Sine Rule with Derivation, Example and Implementation
Last Updated :
13 Jul, 2021
Given angles(in degrees) A, C, and the side c, corresponding to the figure below, the task is to find the remaining two sides a and b.
Examples:
Input: A = 45, C = 35, c = 23
Output:
28.35
39.49
Explanation:
a is 28.35 and b is 39.49
Input: A = 45, C = 45, c = 10
Output:
10
14.14
Approach: The idea is to use Sine rule. It states that the sides of any triangle are proportional to the sine of the angles opposite to them. a / Sin(A) = b / Sin(B) = c / Sin(C). The derivation is described below:
As is evident from the figure above:
A perpendicular of length h has been drawn on BC from A. From General trigonometric rules:
SinB=h/c——–(1)
SinC=h/b——–(2)
From the above two equations, we get:
c x SinB=b x SinC
Or b/SinB=c/SinC—–(3)
Similarly, if a perpendicular is drawn from B to AC, we can get:
a/SinA=c/SinC——-(4)
From Equations (3) and (4), we get:
a/SinA=b/SinB=c/SinC
Follow the steps below to solve the problem:
- Change the angles A and C from degrees to radians to be able to be used in the inbuilt functions.

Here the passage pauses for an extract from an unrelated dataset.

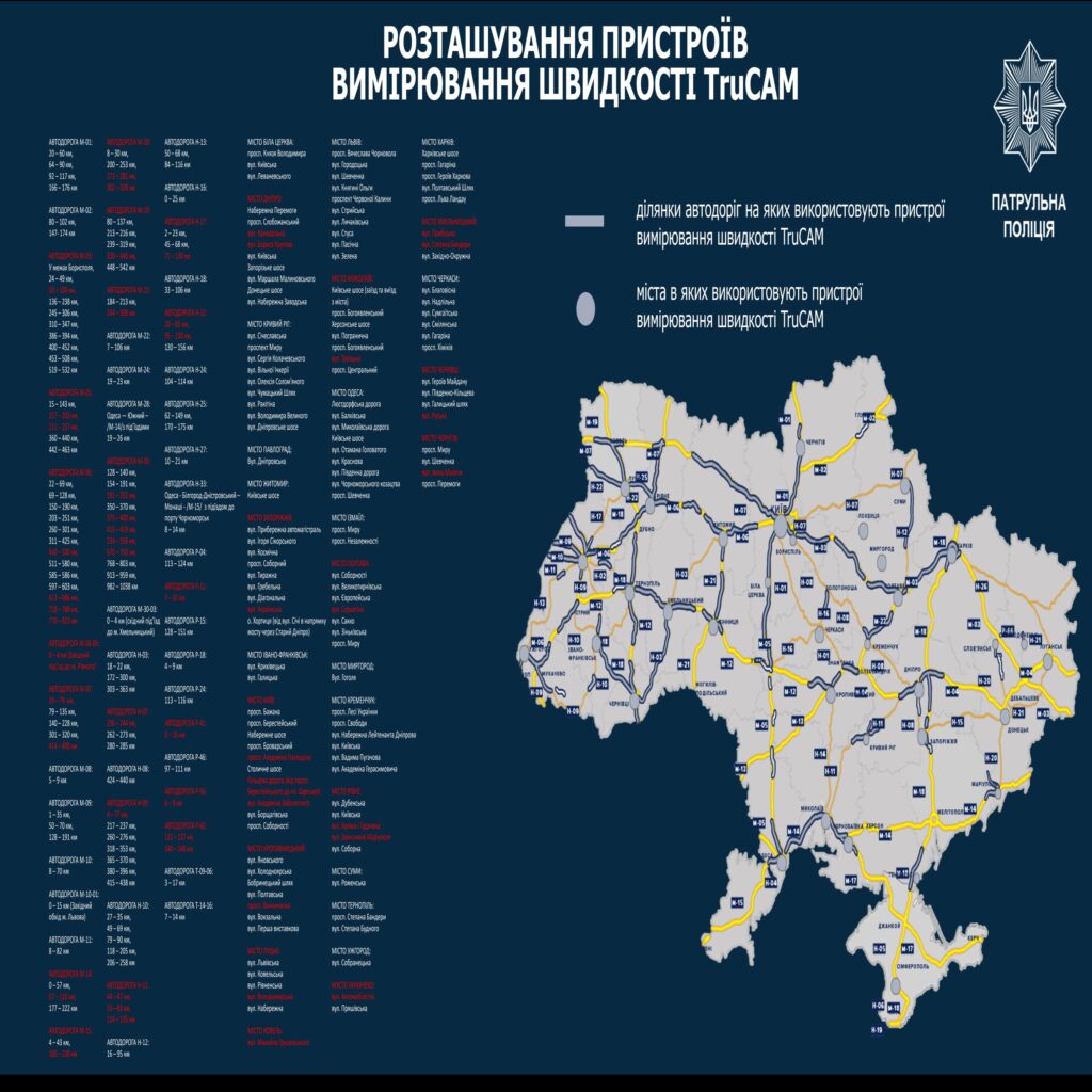 Под контроль TruCAM возьмут еще 28 участков дорог в Украине – адреса размещения

- Calculate the angle B using the observation that sums of angles of a triangle sums up to 180 degrees.
- Use the Sine rule to calculate the sides a and b.

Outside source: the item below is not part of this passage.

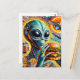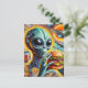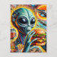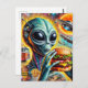 Funky Alien Eats Cheeseburger and Fries Collage Postcard

Below is the implementation of the above approach:
C++14
#include <bits/stdc++.h>
using namespace std;
void findSides( double A, double C, double c)
{
double B = 180 - (A + C);
A = A * (3.14159 / 180);
C = C * (3.14159 / 180);
B = B * (3.14159 / 180);
double a = (c / sin (C)) * sin (A);
double b = (c / sin (C)) * sin (B);
cout << fixed << setprecision(2);
cout << a << endl;
cout << b << endl;
}
int main()
{
double A = 45.0;
double C = 35.0;
double c = 23;
findSides(A, C, c);
return 0;
}
|
Java
class GFG{
static void findSides( double A, double C,
double c)
{
double B = 180 - (A + C);
A = A * ( 3.14159 / 180 );
C = C * ( 3.14159 / 180 );
B = B * ( 3.14159 / 180 );
double a = (c / Math.sin(C)) * Math.sin(A);
double b = (c / Math.sin(C)) * Math.sin(B);
System.out.println(String.format( "%.2f" , a));
System.out.println(String.format( "%.2f" , b));
}
public static void main(String[] args)
{
double A = 45.0 ;
double C = 35.0 ;
double c = 23 ;
findSides(A, C, c);
}
}
|
Python3
import math
def findSides(A, C, c):
B = 180 - (A + C)
A = A * ( 3.14159 / 180 )
C = C * ( 3.14159 / 180 )
B = B * ( 3.14159 / 180 )
a = (c / math.sin(C)) * math.sin(A)
b = (c / math.sin(C)) * math.sin(B)
print ( "{0:.2f}" . format (a))
print ( "{0:.2f}" . format (b))
A = 45.0
C = 35.0
c = 23
findSides(A, C, c)
|
C#
using System;
class GFG{
static void findSides( double A, double C,
double c)
{
double B = 180 - (A + C);
A = A * (3.14159 / 180);
C = C * (3.14159 / 180);
B = B * (3.14159 / 180);
double a = (c / Math.Sin(C)) * Math.Sin(A);
double b = (c / Math.Sin(C)) * Math.Sin(B);
Console.WriteLine( "{0:F2}" ,a);
Console.WriteLine( "{0:F2}" ,b);
}
public static void Main(String[] args)
{
double A = 45.0;
double C = 35.0;
double c = 23;
findSides(A, C, c);
}
}
|
Javascript
<script>
function findSides(A, C, c)
{
let B = 180 - (A + C);
A = A * (3.14159 / 180);
C = C * (3.14159 / 180);
B = B * (3.14159 / 180);
let a = (c / Math.sin(C)) * Math.sin(A);
let b = (c / Math.sin(C)) * Math.sin(B);
document.write(a.toPrecision(4) + "<br>" );
document.write(b.toPrecision(4) + "<br>" );
}
let A = 45.0;
let C = 35.0;
let c = 23;
findSides(A, C, c);
</script>
|
Time Complexity: O(1)
Auxiliary Space: O(1)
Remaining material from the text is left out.